In the material below, find the line containing "- Личный кабинет" and the line containing "进入体育场,比赛来到最后20". Output those two lines and all lines between them exactly, without pictures.

*** INPUT RECORDS

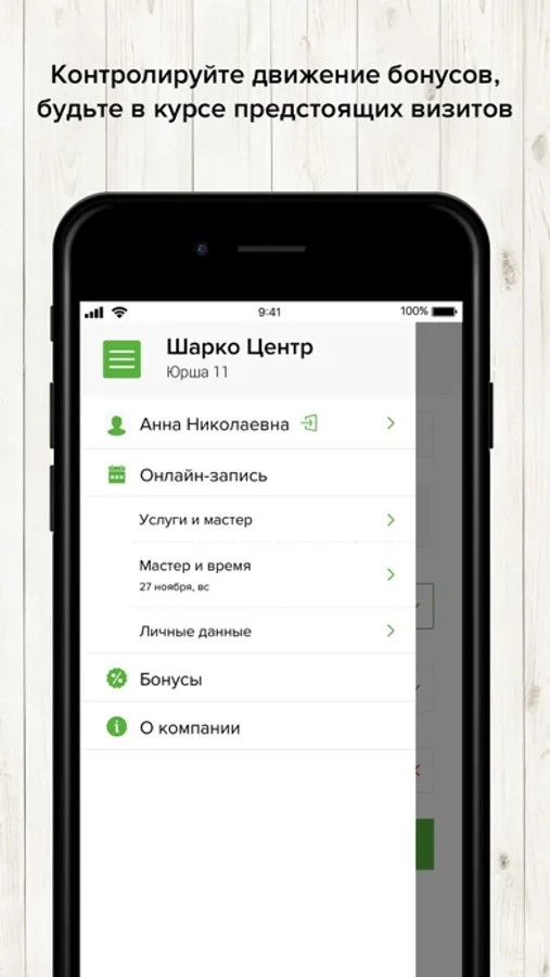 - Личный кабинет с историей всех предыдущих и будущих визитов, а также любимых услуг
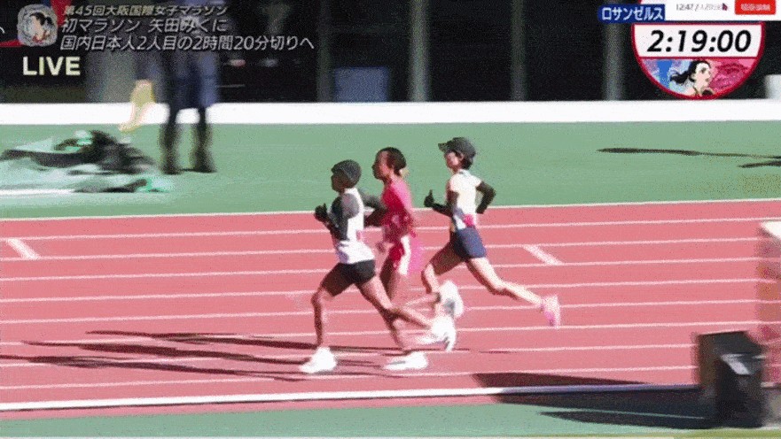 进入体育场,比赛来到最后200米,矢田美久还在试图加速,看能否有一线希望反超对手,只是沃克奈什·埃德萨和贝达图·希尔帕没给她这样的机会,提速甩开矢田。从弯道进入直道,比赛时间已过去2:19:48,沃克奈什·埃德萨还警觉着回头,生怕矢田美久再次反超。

******
*** INPUT RECORDS

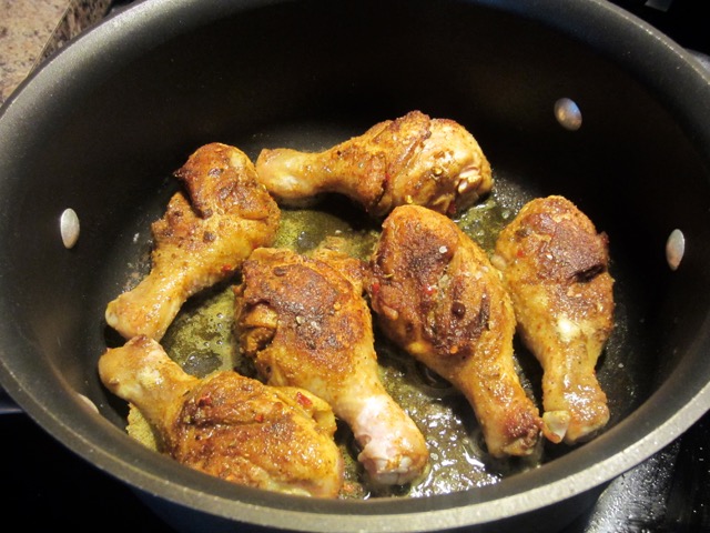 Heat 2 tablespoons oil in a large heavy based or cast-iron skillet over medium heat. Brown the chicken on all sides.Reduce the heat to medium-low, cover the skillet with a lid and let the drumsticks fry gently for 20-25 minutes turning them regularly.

******

• [TASK OUTPUT]:
 - Личный кабинет с историей всех предыдущих и будущих визитов, а также любимых услуг
 进入体育场,比赛来到最后200米,矢田美久还在试图加速,看能否有一线希望反超对手,只是沃克奈什·埃德萨和贝达图·希尔帕没给她这样的机会,提速甩开矢田。从弯道进入直道,比赛时间已过去2:19:48,沃克奈什·埃德萨还警觉着回头,生怕矢田美久再次反超。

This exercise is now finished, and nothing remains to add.